**DIRECTIONS FOR THIS TASK:**
The output must contain exactly the lines from the top of the listing below through the line containing "2 Adet Desen4", and no pictures.
SUPPLIED DATA: Begin
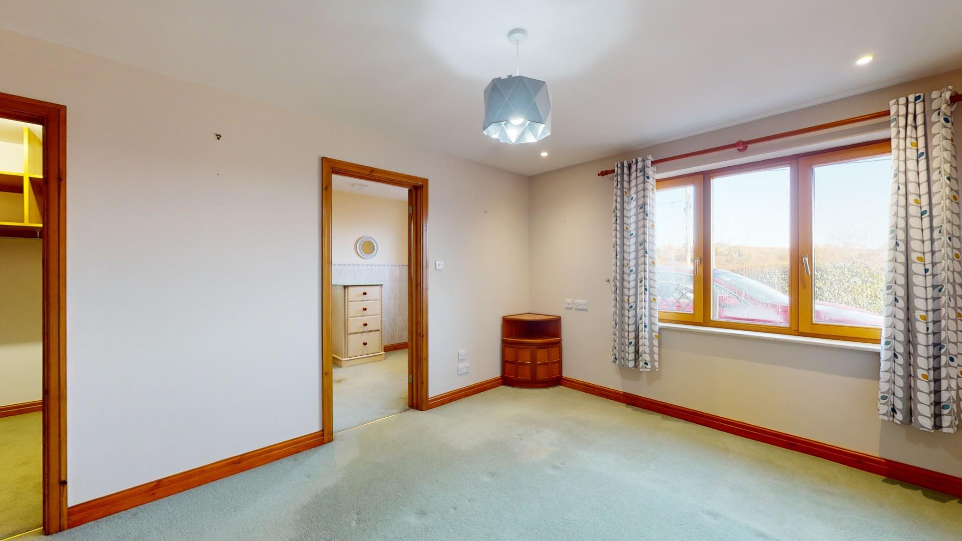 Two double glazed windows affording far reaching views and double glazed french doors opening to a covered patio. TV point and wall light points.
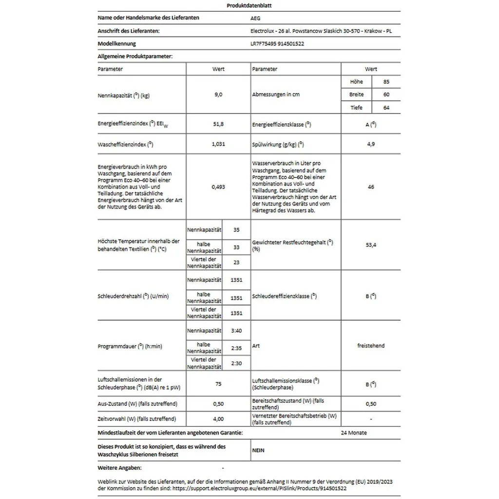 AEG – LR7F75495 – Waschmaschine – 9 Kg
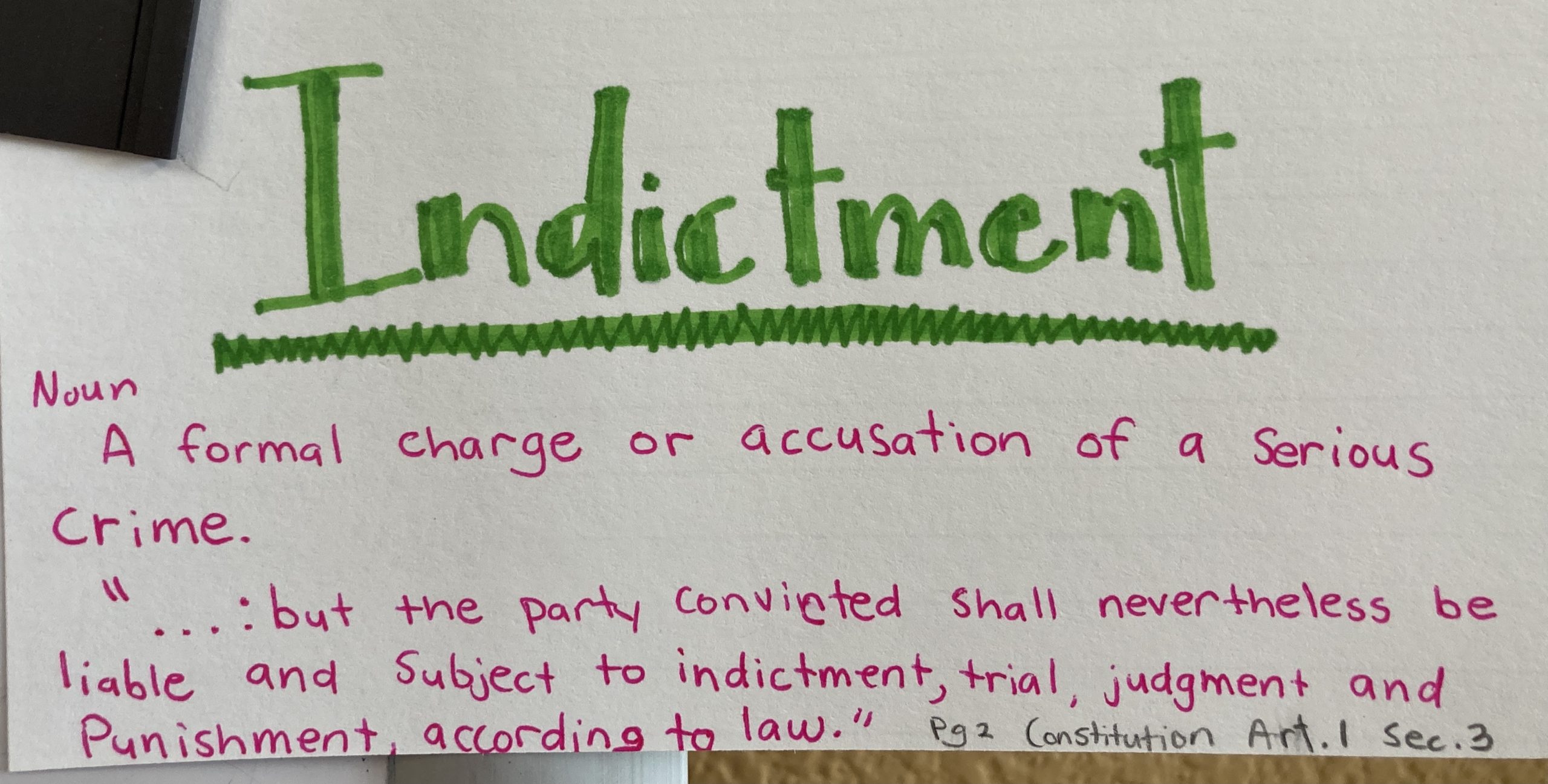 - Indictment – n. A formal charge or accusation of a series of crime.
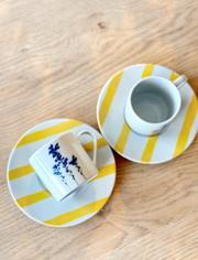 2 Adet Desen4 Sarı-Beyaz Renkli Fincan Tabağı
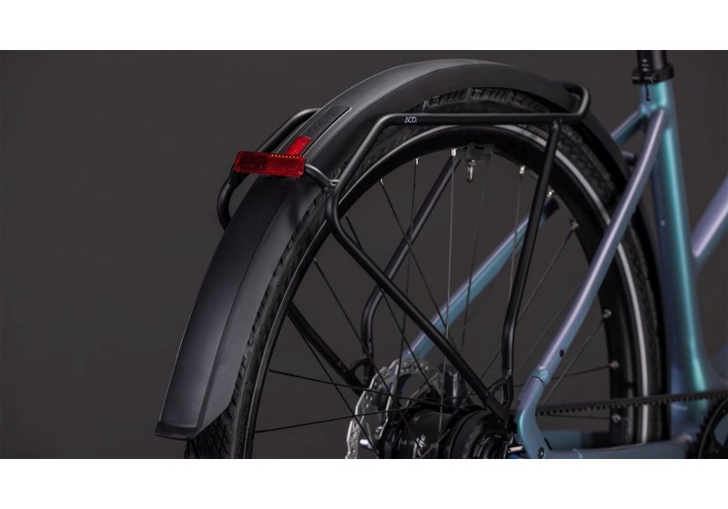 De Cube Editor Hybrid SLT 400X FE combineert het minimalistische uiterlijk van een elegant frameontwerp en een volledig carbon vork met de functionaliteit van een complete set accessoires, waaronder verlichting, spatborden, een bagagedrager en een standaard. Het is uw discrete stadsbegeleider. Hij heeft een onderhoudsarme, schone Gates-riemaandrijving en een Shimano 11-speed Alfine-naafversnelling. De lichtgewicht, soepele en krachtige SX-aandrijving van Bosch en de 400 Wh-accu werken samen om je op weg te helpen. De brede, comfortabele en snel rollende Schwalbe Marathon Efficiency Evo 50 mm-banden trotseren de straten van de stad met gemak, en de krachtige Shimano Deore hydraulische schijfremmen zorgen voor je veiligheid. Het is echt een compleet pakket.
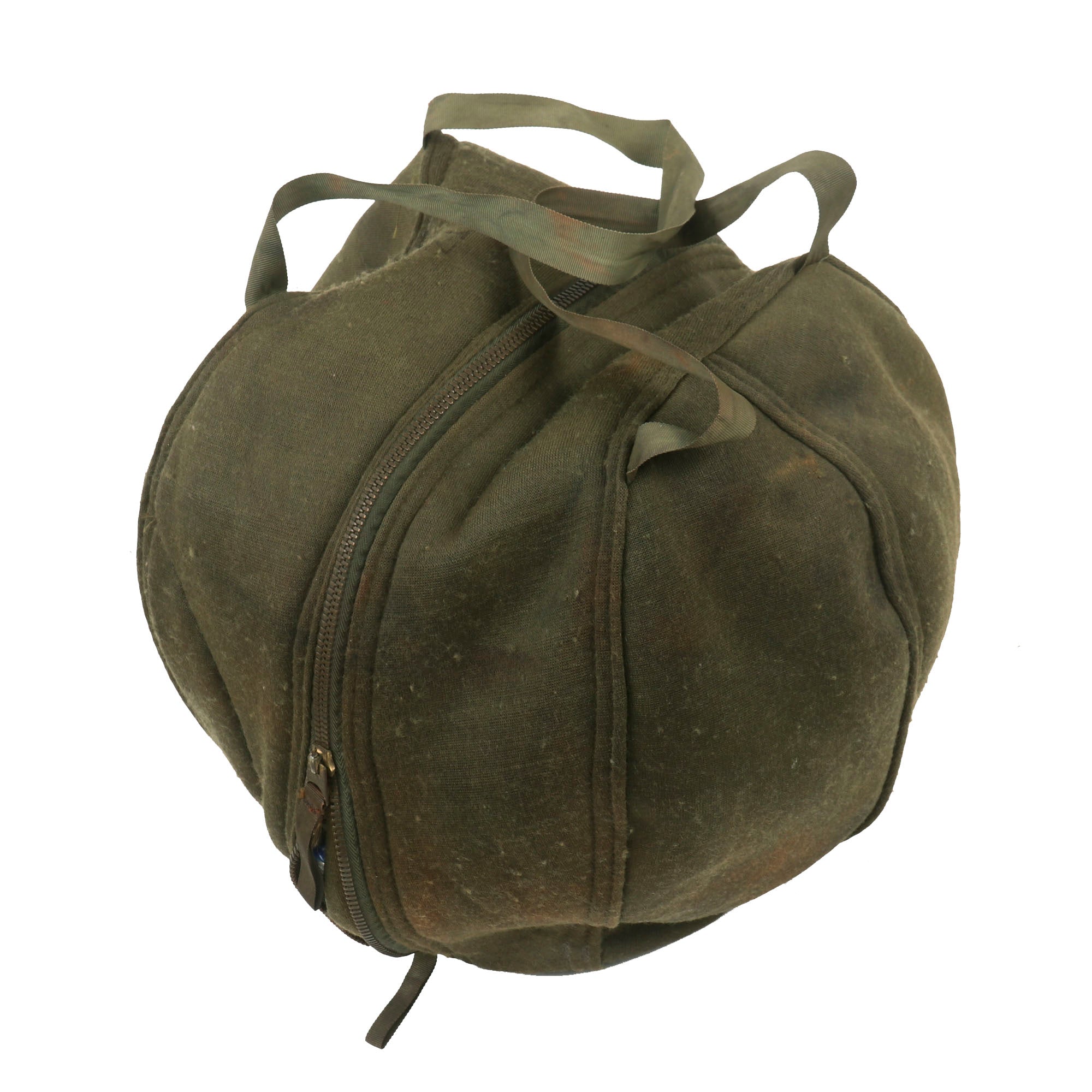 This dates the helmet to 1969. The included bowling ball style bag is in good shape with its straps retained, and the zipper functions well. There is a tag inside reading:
SUPPLIED DATA: End
**ANSWER TO THE EXERCISE:**
 Two double glazed windows affording far reaching views and double glazed french doors opening to a covered patio. TV point and wall light points.
 AEG – LR7F75495 – Waschmaschine – 9 Kg
 - Indictment – n. A formal charge or accusation of a series of crime.
 2 Adet Desen4 Sarı-Beyaz Renkli Fincan Tabağı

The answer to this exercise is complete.